“Liberato” dal ponteggio Palazzo Visconti
Dopo 14 mesi di lavori terminato il rifacimento del tetto andato distrutto con l’incendio di settembre 2007. Proseguono i lavori di messa in sicurezza degli affreschi del ‘700 emersi dopo le fiamme
Dopo 14 mesi di cantieri, via il ponteggio dalla facciata di Palazzo Visconti. Sono infatti terminati i lavori di messa in sicurezza del cantiere che ha portato le prime ristrutturazioni all’edificio più antico della città, colpito da un incendio il 28 settembre del 2007. L’ex sede della Pretura e del Comune, di cui ancora oggi non si conosce ancora la futura destinazione, è così stata sottoposta all’intenso lavoro di messa in sicurezza dell’edificio, tra muratori e restauratori (in seguito alla scoperta all’interno di affreschi, a seguito dell’incendio, di affreschi del ‘700). ”In questi mesi è stata completamente ripristinata la copertura e la soletta del tetto della parte centrale e di quella laterale danneggiate dalle fiamme e dal calore – spiegano dal Comune che ha seguito passo per passo i lavori -. Insomma i teli e la speciale copertura posizionata lo scorso inverno sono state rimosse perché a proteggere dalle intemperie gli affreschi e i gioielli archiettonici del palazzo è sufficiente il nuovo tetto”.
Il ponteggio è stato quindi tolto, “liberando” la facciata. Ma all’interno prosegue il lavoro di restauro per alcune settimane. ”Si lavora ancora all’interno dell’edificio perché i responsabili del restauro stanno completamento un ulteriore dossier documentale sui nuovi affreschi.
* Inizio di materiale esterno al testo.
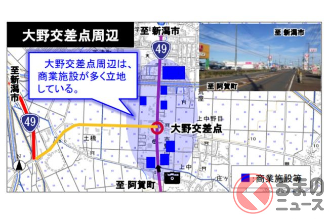 現道は阿賀野市の市街地を通過するため、慢性的な渋滞が発生。大型車の通行もあるため渋滞や交通事故が頻発しています。

In passato erano state realizzate delle controsoffittature che hanno coperto affreschi e anche alcuni pregiati soffitti affrescati e a cassettone simili a quelli presenti in alcuni ville signorili del Saronnese”.
Questi primi interventi di rifacimento del tetto e messa in sicurezza degli affreschi sono stati spesi 800 mila euro. Ma non basta, servono circa 10 milioni di euro per il recupero totale di Palazzo Visconti, come sottolineato più volte dall’amministrazione comunale guidata da Gilli, che non ha potuto accedere ai nuovi mutui per completare l’opera. L’idea sembra rimanere quella, una volta effettuati i lavori con gli anni, di trasferirvi nuovamente gli uffici comunali, ma non vi è ancora nulla di definitivo.